Among the entries below, retype exactly the lines starting with the one with "Dankzij de vele" and going on through the one with "We heard this", but not the pictures.

***** Exercise material *****

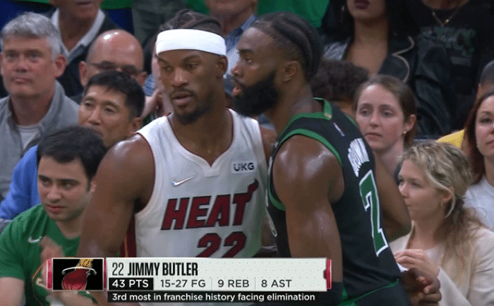 巴特勒关键2+1,塔克抢断塔图姆,巴特勒制胜一击,布朗致命失误,罚球终结比赛,最终热火拿下G6,东决抢七大战来了,巴特勒全场仅歇2分钟,崴脚后仍打进关键2+1,太硬气太拼了,得分创季后赛生涯新高,超越詹姆斯还创队史生死战最高得分,恩比德、德罗赞等球员盛赞巴特勒。
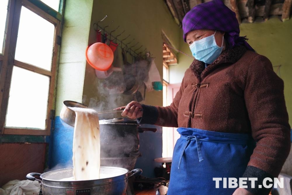 圖為(wei) 央金正在熬製甜茶 攝影:曲傑
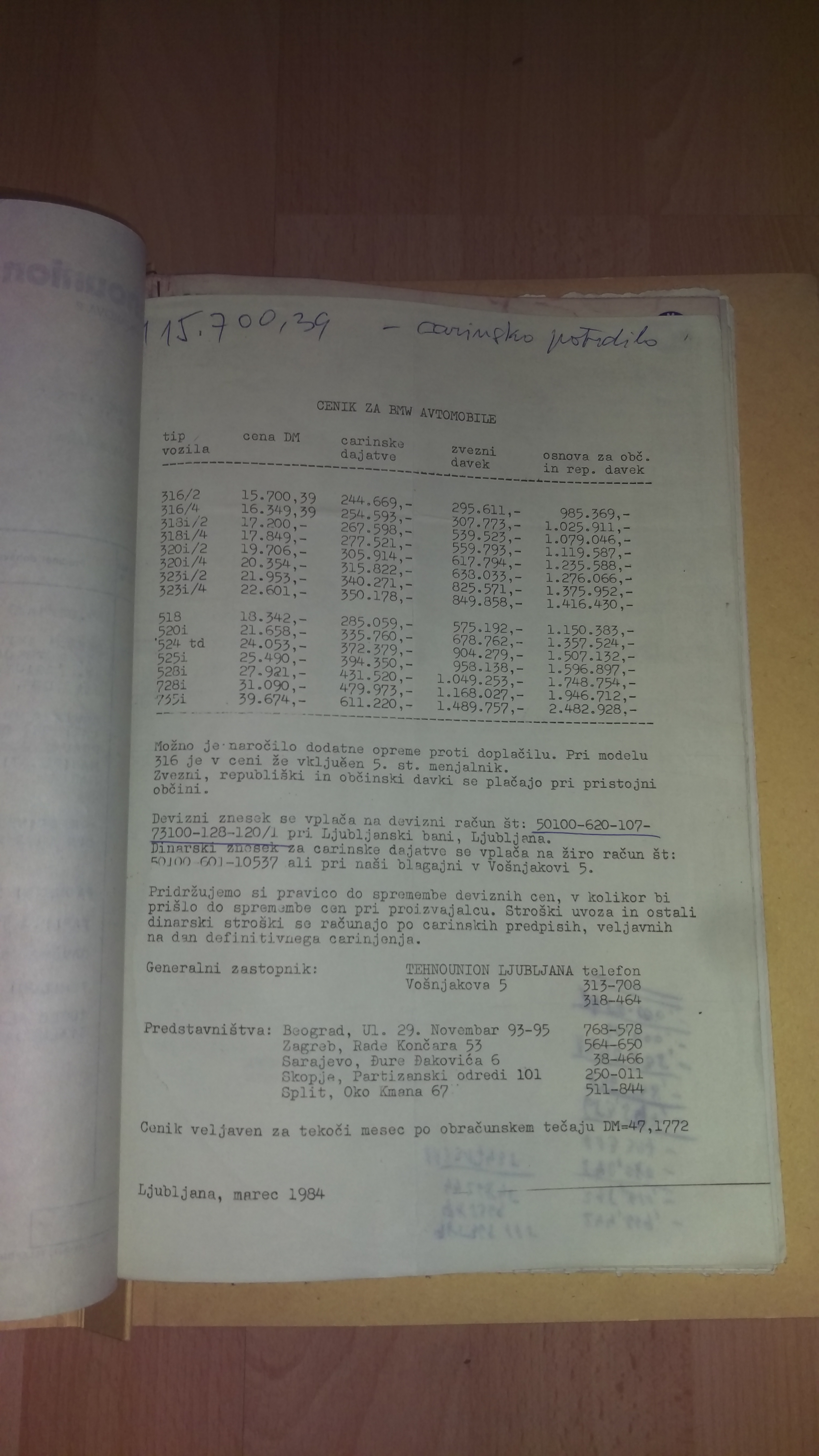 ...kupljena je bila 31. 3. 1984 pri Tehnounionu, kot najcenejša različica, katera je takrat v Nemčiji stala
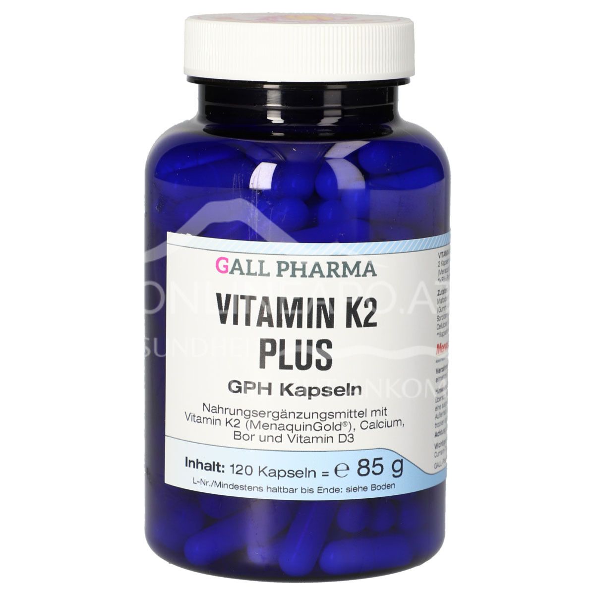 Die Gall Pharma Vitamin K2 Plus Kapseln sin dein Nahrungsergänzungsmittel mit Vitamin K2, Calcium, Bor und Vitamin D3. Die Zusammensetzung trägt zur Erhaltung normaler Knochen und einer gesunden Blutgerinnung bei.
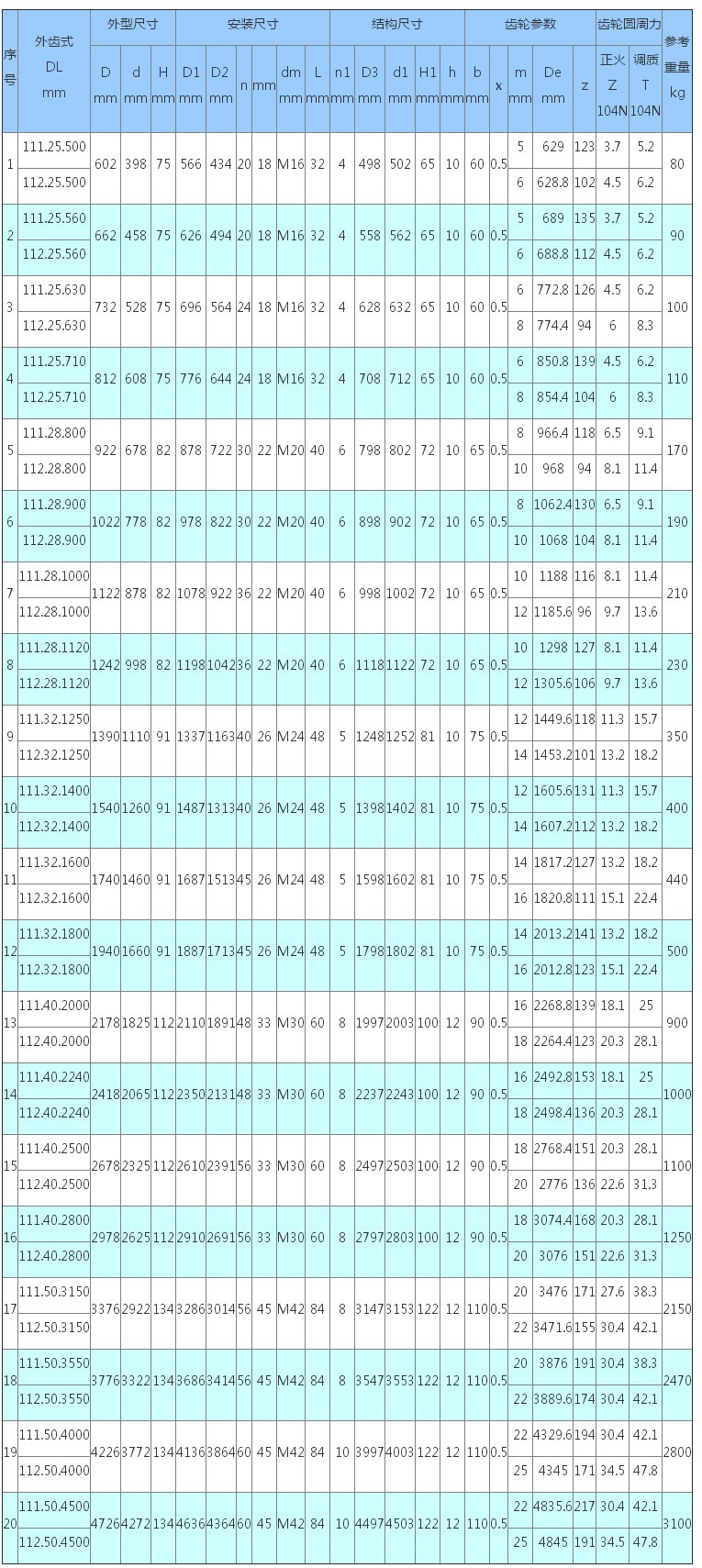 3、表內(nèi)齒輪圓周力為最大圓周力,額定圓周力取其1/2。
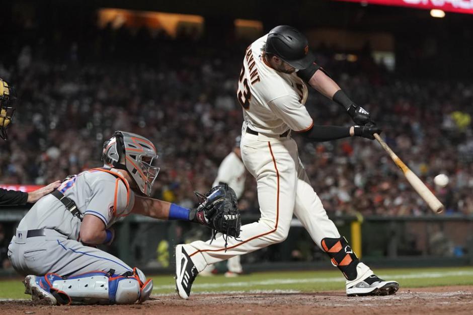 San Francisco Giant hitter Kris Bryant hits a two run homer in the bottom of the fifth inning one of two home runs in the game against the New York Mets. Mets catcher James McCann can only watch after Bryant hits the big fly on Mon Aug 16, 2021 at Oracle Park in San Francisco (AP News photo)
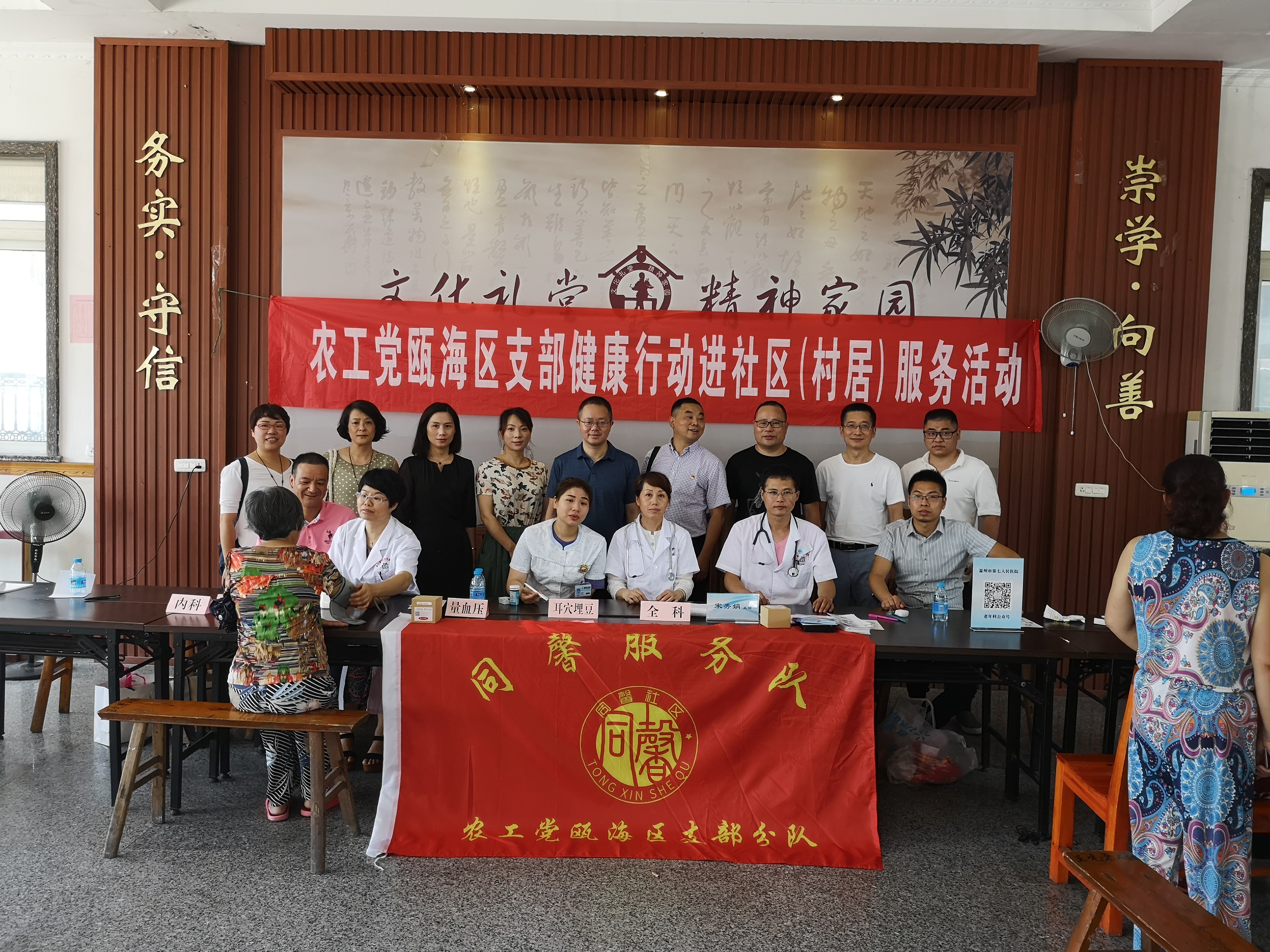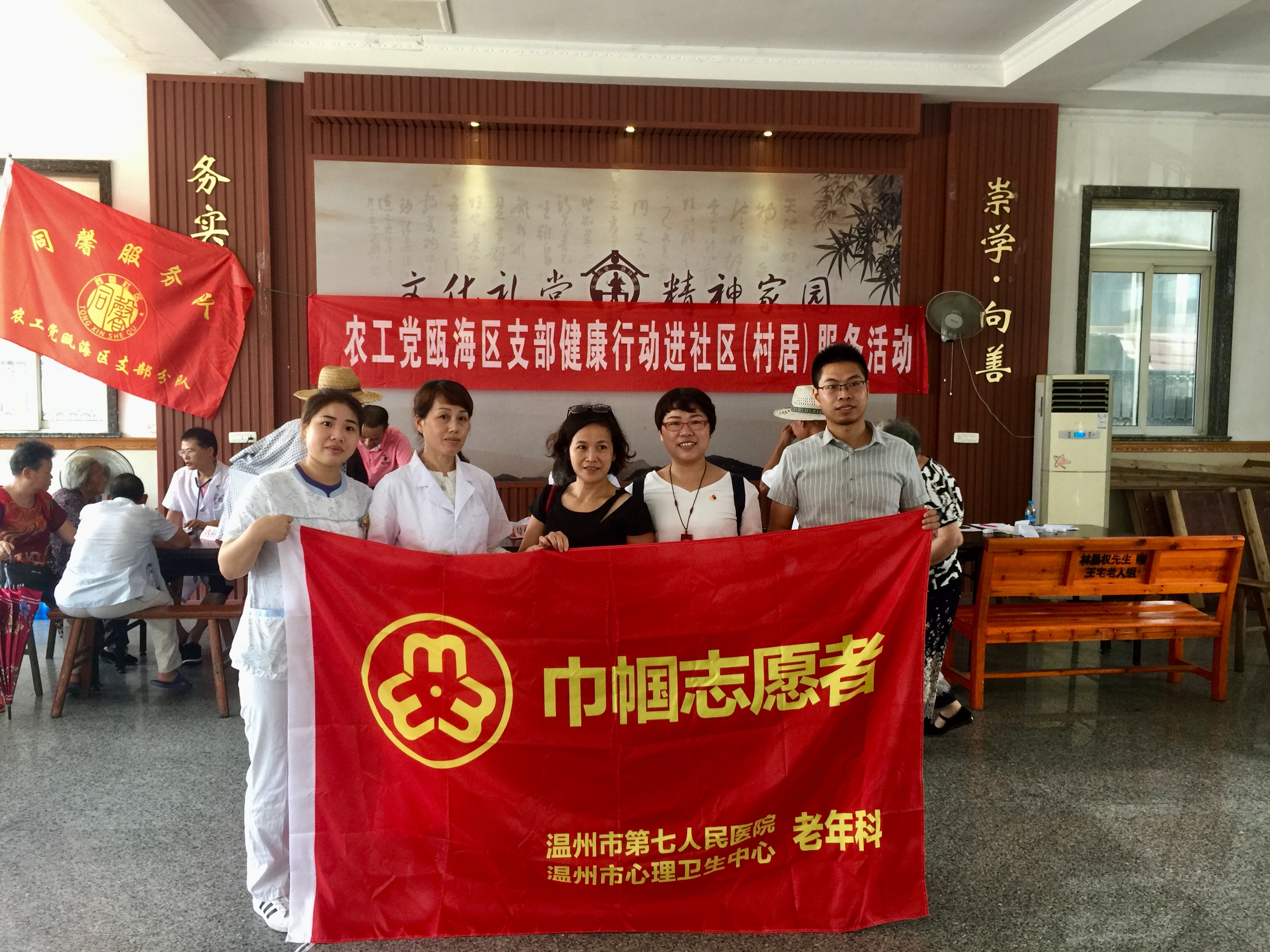 ? ? ? ?為關(guān)愛社區(qū)中老年人的身體健康,增強(qiáng)社區(qū)居民的疾病防范意識,甌海區(qū)委統(tǒng)戰(zhàn)部組織甌海支部農(nóng)工黨員于629日上午赴麗岙街道王宅村開展同馨社區(qū)活動,開展專場義診活動,服務(wù)對象均是留守的僑眷老人;服務(wù)項(xiàng)目:送醫(yī)送藥。巾幗志愿者溫七醫(yī)老年科宋秀娟主任一行三人代表七醫(yī)參加了此次活動。?
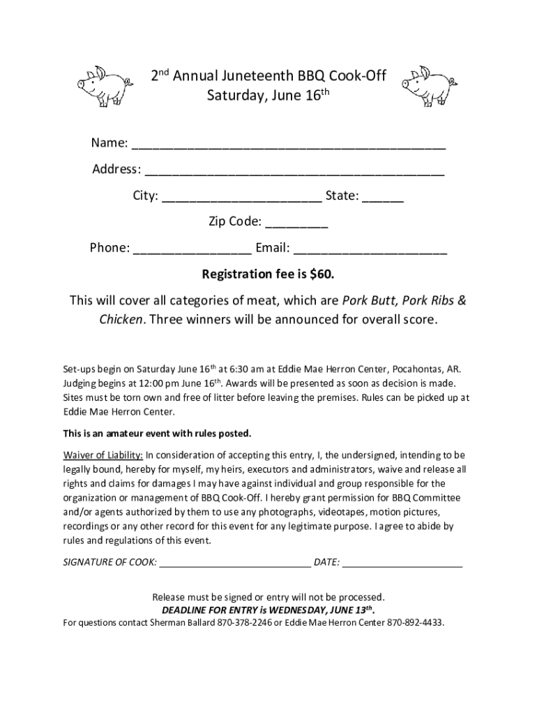 2nd Annual Juneteenth BBQ Cookout Saturday, June 16th Name: Address: City: State: Zip Code: Phone: Email: Registration fee is $60. This will cover all categories of meat, which are Pork Butt, Pork
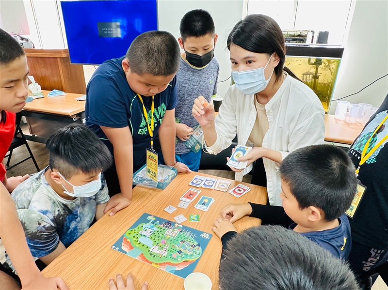 室內課程則結合水環境教育園區的「水水嘉義」認識水資源,節電課程則結合台電首款動力能源「綠動電電島」節電桌遊教案宣導,以有趣方式讓學童了解能源的作用以及重要性。
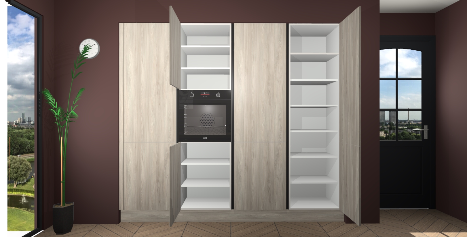 Dankzij de vele opbergruimte wordt praktisch elke centimeter van uw keuken optimaal benut, wat de ruimte een opgeruimde en sfeervolle uitstraling geeft. Bovendien zijn we er trots op dat we een snelle levering van 7 weken en een vaste lage prijs kunnen bieden, zodat u deze prachtige keuken in een mum van tijd in huis hebt!
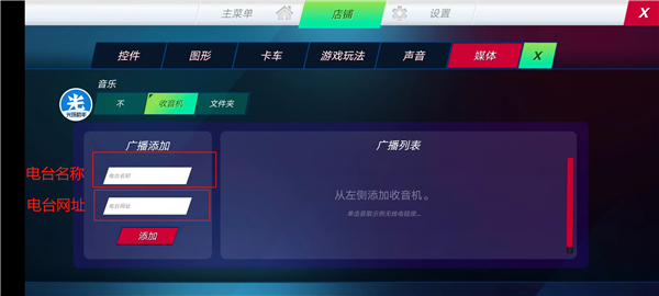 4、选定电台后,回到游戏,再点击右上角按钮展开菜单,点击播放按钮即可收听。需更换电台时,点击切换即可。
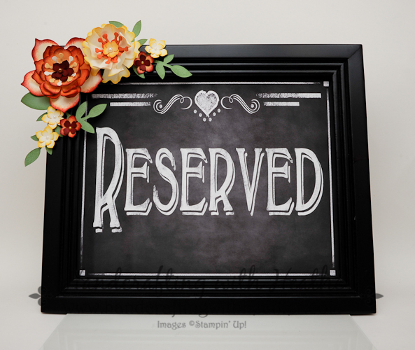 If you have ever planned a wedding, you know that there is a lot of signage needed, reserved signs for the family, a thank you message for the gift table, instructions for the photo booth (all the rage at weddings these days), etc.  Of course, you know I couldn’t just put a plain old framed sign out there… what a perfect opportunity to make our signage something beautiful for the wedding using dies and punches from Stampin’ Up!
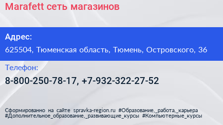 Marafett, сеть магазинов по адресу 625504, Тюменская область, Тюмень, Островского, 36 в дальнейшем Организация, размещена в следующих категориях:
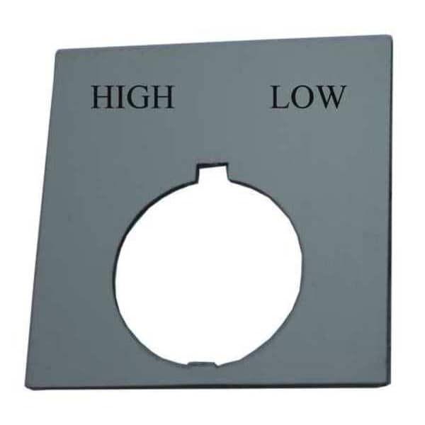 Legend Plate, Rectangular, Legend High-Low, For Use With 30.5mm Selector Switch Operators, Legend/Background Color Black, Material Plastic, Height 1.77 in, Width 1.77 in, Diameter 30 mm
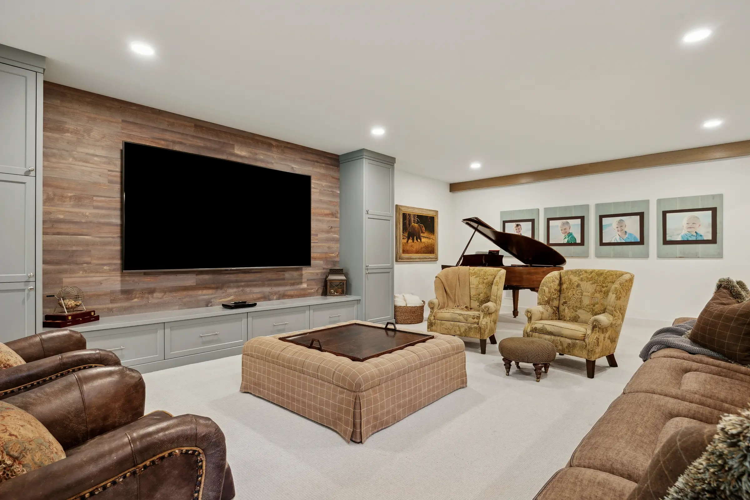 This is a home built for living well. The family loves to cook, entertain, and stay active, and the layout reflects that with open, flexible spaces that feel both inviting and functional. Warm materials and layered details bring personality to every corner from the hand-finished stone fireplace surrounds to v-groove paneling and shiplap accents throughout. Wallpaper adds character in unexpected places like the pantry ceiling, powder room, and laundry room.
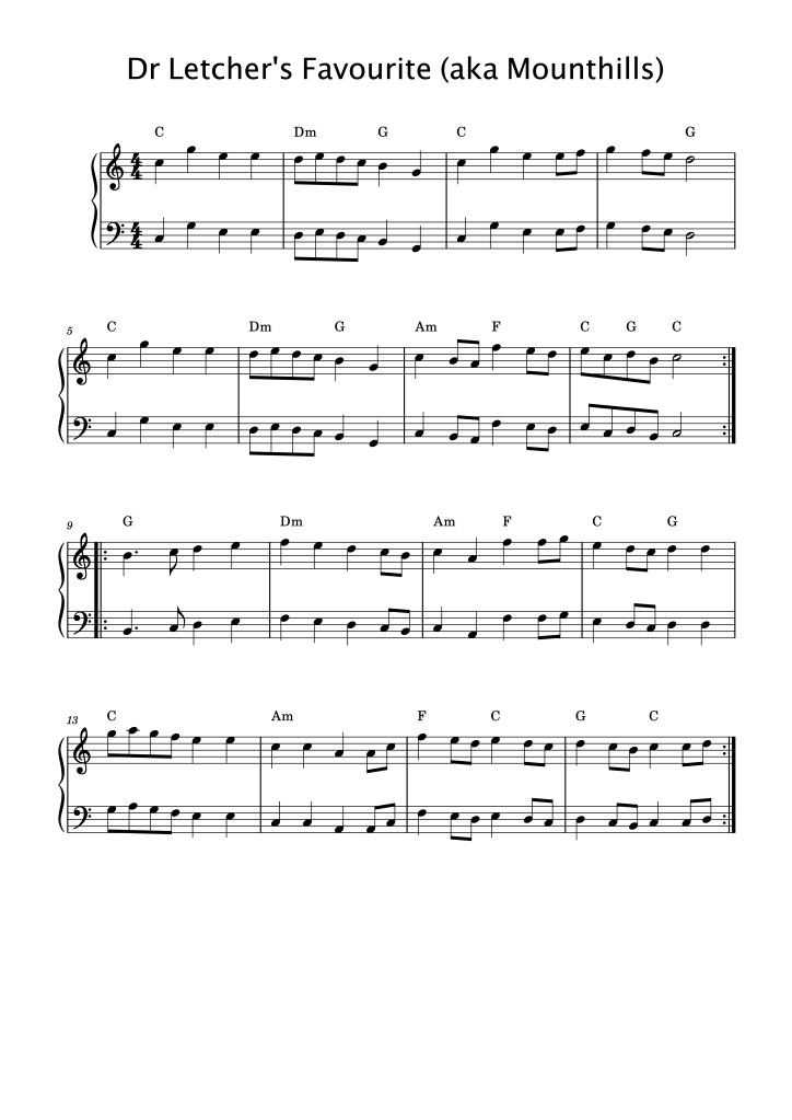 We heard this tune played by Kerfuffle (playing it here at 2:28 mins) and they named it Dr Letcher’s Favourite after having been taught it by Andy Letcher (Telling the Bees), but Jane, who actually taught it to us, says it’s proper name is Mounthills. Anyway, it is a good favourite. Here’s an almost unaccompanied version of Mounthills. And at 2:20 mins, here is Sam Sweeney playing it on his own (and including some variations).
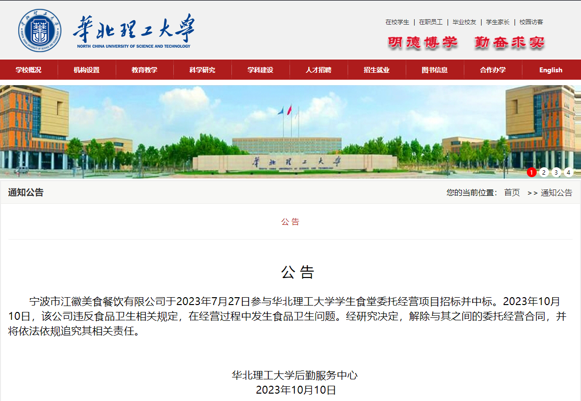 宁波市江徽美食餐饮有限公司于2023年7月27日参与华北理工大学学生食堂委托经营项目招标并中标。2023年10月10日,该公司违反食品卫生相关规定,在经营过程中发生食品卫生问题。经研究决定,解除与其之间的委托经营合同,并将依法依规追究其相关责任。

*****

→ **Result**:
 Dankzij de vele opbergruimte wordt praktisch elke centimeter van uw keuken optimaal benut, wat de ruimte een opgeruimde en sfeervolle uitstraling geeft. Bovendien zijn we er trots op dat we een snelle levering van 7 weken en een vaste lage prijs kunnen bieden, zodat u deze prachtige keuken in een mum van tijd in huis hebt!
 4、选定电台后,回到游戏,再点击右上角按钮展开菜单,点击播放按钮即可收听。需更换电台时,点击切换即可。
 If you have ever planned a wedding, you know that there is a lot of signage needed, reserved signs for the family, a thank you message for the gift table, instructions for the photo booth (all the rage at weddings these days), etc.  Of course, you know I couldn’t just put a plain old framed sign out there… what a perfect opportunity to make our signage something beautiful for the wedding using dies and punches from Stampin’ Up!
 Marafett, сеть магазинов по адресу 625504, Тюменская область, Тюмень, Островского, 36 в дальнейшем Организация, размещена в следующих категориях:
 Legend Plate, Rectangular, Legend High-Low, For Use With 30.5mm Selector Switch Operators, Legend/Background Color Black, Material Plastic, Height 1.77 in, Width 1.77 in, Diameter 30 mm
 This is a home built for living well. The family loves to cook, entertain, and stay active, and the layout reflects that with open, flexible spaces that feel both inviting and functional. Warm materials and layered details bring personality to every corner from the hand-finished stone fireplace surrounds to v-groove paneling and shiplap accents throughout. Wallpaper adds character in unexpected places like the pantry ceiling, powder room, and laundry room.
 We heard this tune played by Kerfuffle (playing it here at 2:28 mins) and they named it Dr Letcher’s Favourite after having been taught it by Andy Letcher (Telling the Bees), but Jane, who actually taught it to us, says it’s proper name is Mounthills. Anyway, it is a good favourite. Here’s an almost unaccompanied version of Mounthills. And at 2:20 mins, here is Sam Sweeney playing it on his own (and including some variations).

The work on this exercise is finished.